Hehe dzięki  :Smile: 

Pozdrawiam  :Wink: 

----------

## Criss-PL

Dzieki Dawid159 za odp. 

_troll_ sam sobie poczytaj rtfm  :Smile: 

----------

## Peter15

a wiecie może jak w gaim zrobić by były opisy z gg. Obecnie urzywam kadu bo w gaim nie ma opisów a w psi nie chce mi się tych plików xml edytować. Po ostantniej zabawie cały profil się skasował.

----------

## milu

 *Criss-PL wrote:*   

> [ciach]nie wiem jaka komenda instaluje sie to z drzewa portage:
> 
> emrge ???

 

Jeśli nie wiesz i nie jesteś pewien to przestudiuj sobie jeszcze raz handbook'a, zanim zadasz kolejne pytanie  :Evil or Very Mad: 

----------

## milu

 *Peter15 wrote:*   

> a w psi nie chce mi się tych plików xml edytować. Po ostantniej zabawie cały profil się skasował.

 

możesz to trochę wytłumaczyć??

Bo zasadniczo nie musiałem żadnych plików xml edytować. Po prostu zainstalowałem, dodałem sobie opisy w konfiguracji i tyle - transport gg wszystko ładnie przekazuje z jabbera do gg.

----------

## nelchael

 *Criss-PL wrote:*   

> _troll_ sam sobie poczytaj rtfm 

 Zly pomysl.

----------

## _troll_

 *nelchael wrote:*   

>  *Criss-PL wrote:*   _troll_ sam sobie poczytaj rtfm  Zly pomysl.

 

hjehjehjehjehejhjehjeje. Nelchael - rozumiesz chociaz CO mam poczytac??  :Smile: ))))

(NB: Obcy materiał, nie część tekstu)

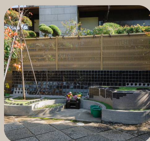
小さなお葬式/樹木葬
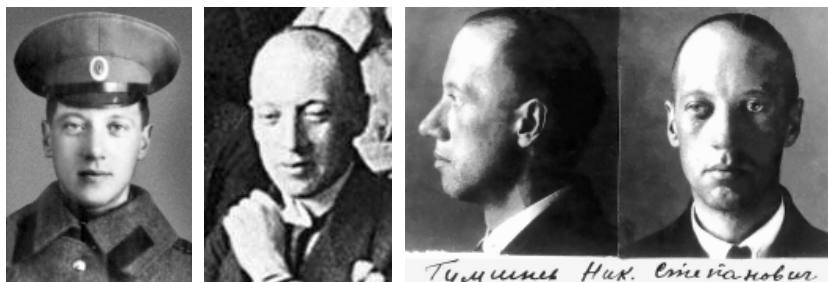
Фотографии Н.С. Гумилёва разных лет
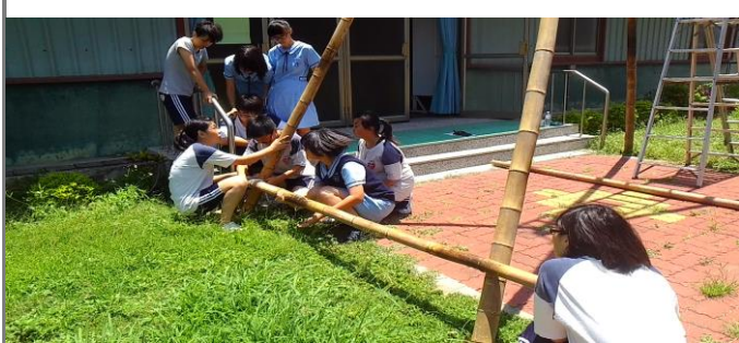
團隊合作與信賴的結合
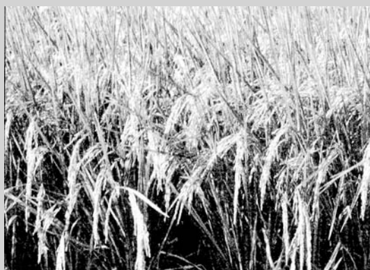
▲水稻合理化施肥成熟結穗

為解決土壤缺乏有機質，農田施用作物殘體、有機肥料等以增加土壤有機質含量，同時，亦可於冬季裡作休閒期間種植綠肥作物如苕子、埃及三葉草、油菜。減少耕作次數，儘量減少耕犁，減少土壤有機物質消耗，或栽培系統中採輪作制度栽培，有助增加土壤有機質含量。
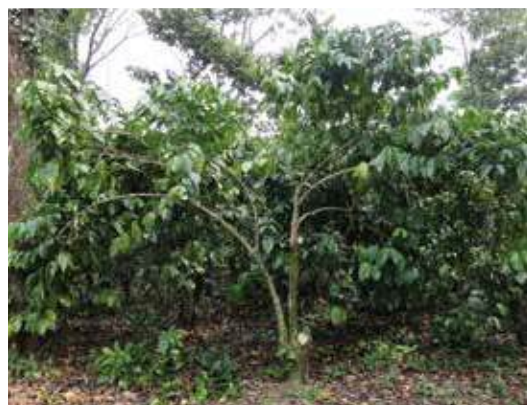
Este sistema de manejo permite contar con plantaciones con material productivo suficiente para producciones sostenibles

La plantación tipo "parra" se establece, siempre y cuando, los distanciamientos de siembra sean de 3 x 4 y de 4 x 4 metros.

Plz - niech mi ktos powie, bo normalnie 'nie czaje bazy'   :Smile: )))

Pozdrawiam,

Przemek

----------

## _troll_

 *Peter15 wrote:*   

> a wiecie może jak w gaim zrobić by były opisy z gg. Obecnie urzywam kadu bo w gaim nie ma opisów a w psi nie chce mi się tych plików xml edytować. Po ostantniej zabawie cały profil się skasował.

 

Dawno temu dolozylem latke, aby opisy ustawialy sie domyslnie (mowie o psi rzecz jasna). Skasuj config.xml i zastartuj psi - bedziesz musial reszte rzecz poustawiac, ale wszystko mozna graficznie.

Pozdrawiam,

Przemek

----------

## k4sbasia

Ja i tak myślę sobie, że jeśli ktoś używa KDE to nic nie przebije kadu,

jeśli natomiast woli Gnome (tak jak ja) to gnugadu jest chyba najlepsze, 

te programy są w pełni funkcjonalne, jest w nich wszsytko co powinno, więc po co szukać innego, 

skoro to i tak jest tylko przecież komunikator  :Smile: 

----------

## Peter15

 *Quote:*   

> Dawno temu dolozylem latke, aby opisy ustawialy sie domyslnie (mowie o psi rzecz jasna). Skasuj config.xml i zastartuj psi - bedziesz musial reszte rzecz poustawiac, ale wszystko mozna graficznie. 

 

Psi instalowałem z twego ebuilda. Wyeksoprotowałem opisy gg i opisów brak.  Więc jak to zrobić graficznie:?:

----------

## kion

ja używam psi. Używałem kadu pod fedorą i też chwalę, bo jest na prawdę dobry, tylko brakuje transportów. Od przesiadki na psi nie używam niczego innego. Tak własnie powinien wygladać komunikator.

----------

## _troll_

 *Peter15 wrote:*   

>  *Quote:*   Dawno temu dolozylem latke, aby opisy ustawialy sie domyslnie (mowie o psi rzecz jasna). Skasuj config.xml i zastartuj psi - bedziesz musial reszte rzecz poustawiac, ale wszystko mozna graficznie.  
> 
> Psi instalowałem z twego ebuilda. Wyeksoprotowałem opisy gg i opisów brak.  Więc jak to zrobić graficznie:?:

 

Przepraszam - zle sie wyrazilem. Opisy to jedyna rzecz do ktorej nie ma (jeszcze) graficznego narzedzia do edycji (pracuje nad tym i mozliwe ze do -r4 wejdzie).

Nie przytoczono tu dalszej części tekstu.